MUELLER: Reports of draft indictment of Trump ‘false’

WASHINGTON — Robert Mueller’s office on Tuesday denied claims made by author Michael Wolff that Special Counsel had drafted an indictment for obstruction of justice against President Donald Trump.

The response comes in the wake of comments made in Wolf’s new book, “Siege: Trump Under Fire,” that Mueller had been prepared to charge the president with three counts of obstruction of justice.

Claiming to be in possession of “internal documents” to back his claims, Wolf said Trump went to “extraordinary lengths… to protect himself from legal scrutiny and accountability, and to undermine the official panels investigating his actions.”

The problem, says Mueller’s office? That never happened.

The documents that you’ve described do not exist,” Mueller spokesperson Peter Carr told The Guardian.

This isn’t the first time that Wolf has come under fire for inaccuracies in his writing.

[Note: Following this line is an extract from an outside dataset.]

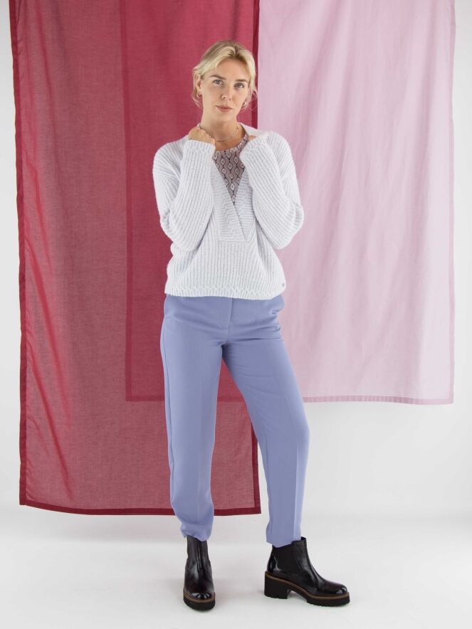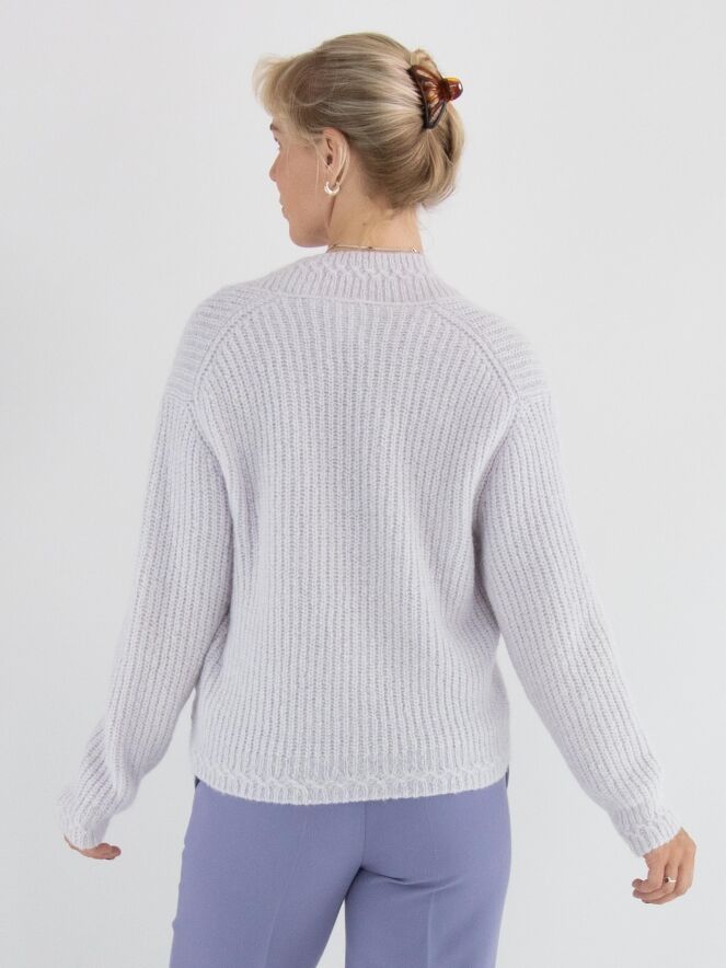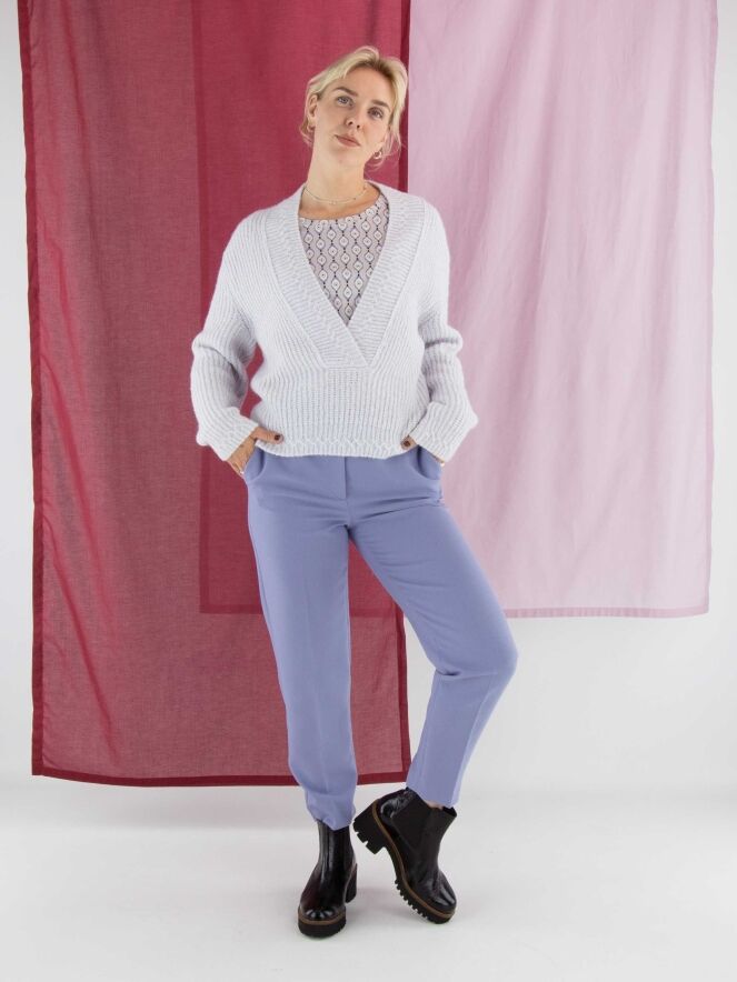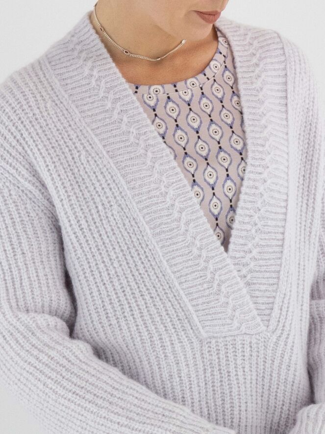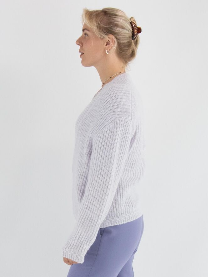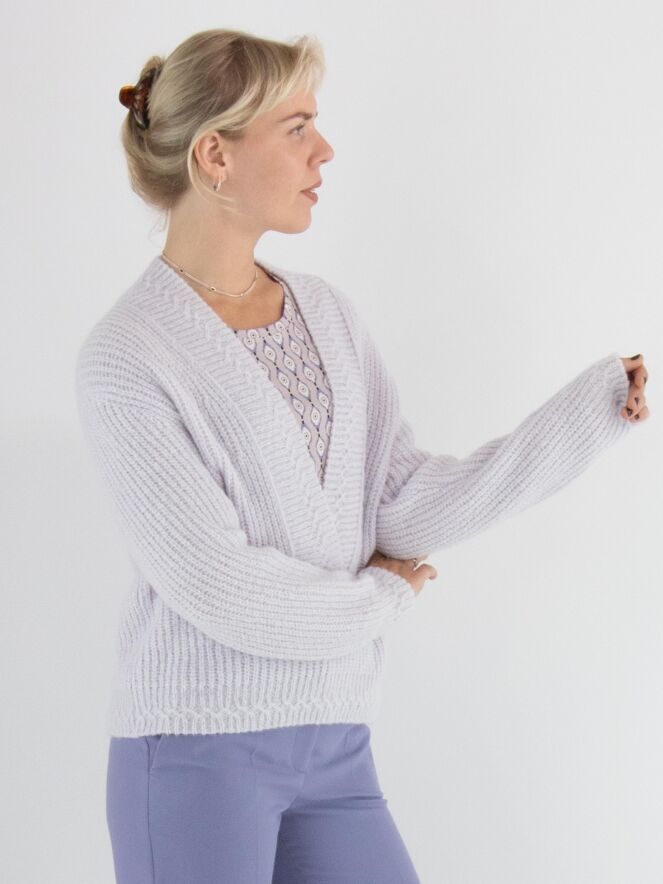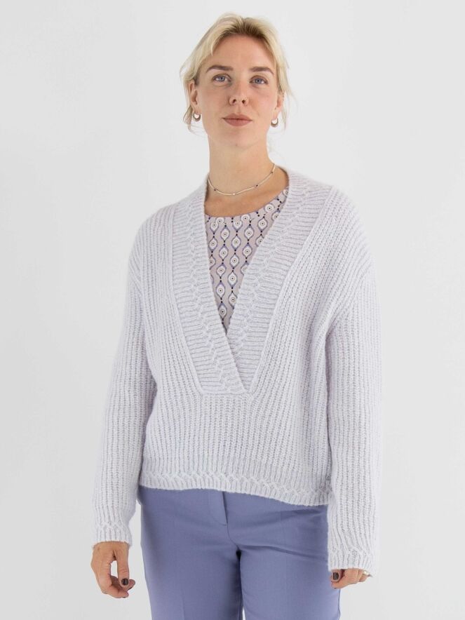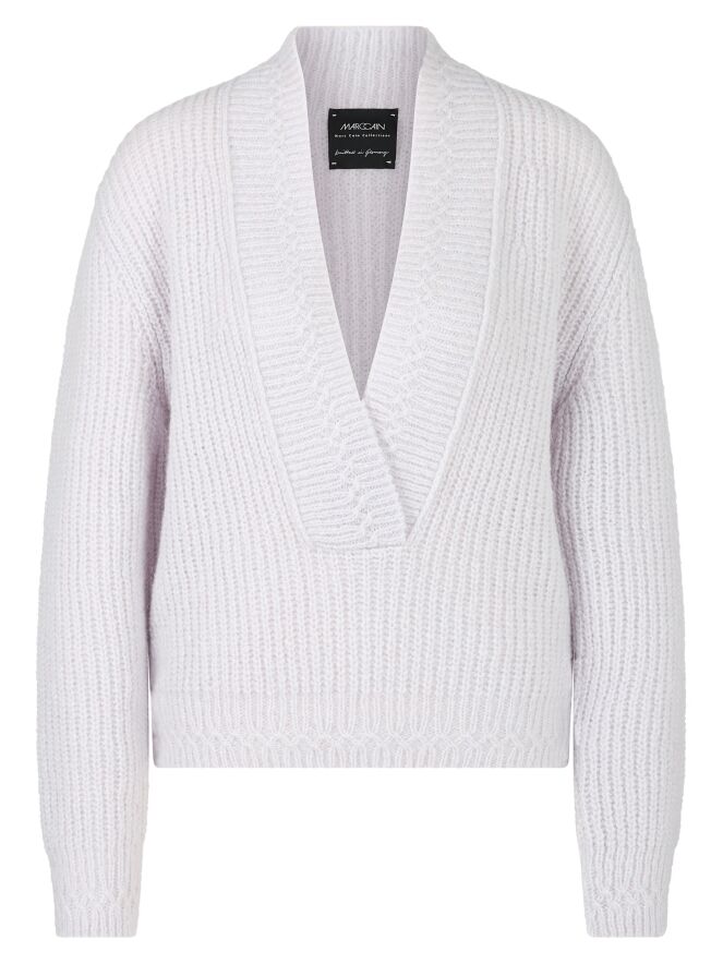 Een korte pullover van Marc Cain in een pastel-lila kleur. De pullover heeft een diepe V-hals met een brede gebreide boord langs de rand. Deze pullover mag met de hand worden gewassen.

“I investigate nothing. All I do is look and write what I see and what I hear, and my job — which has nothing to do with truth — is to take what I see and what I hear and write that in a way that readers can come [as close] as possible — as close as I came — to the experience of doing this,” Wolf told a publication for Vassar College after his last book, “Fire and Fury,” was attacked as being full of fraudulent claims. “I want to be able to turn what I see into something that a reader says ‘oh, I see that too.’”

Calls for comment to the White House were not immediately returned.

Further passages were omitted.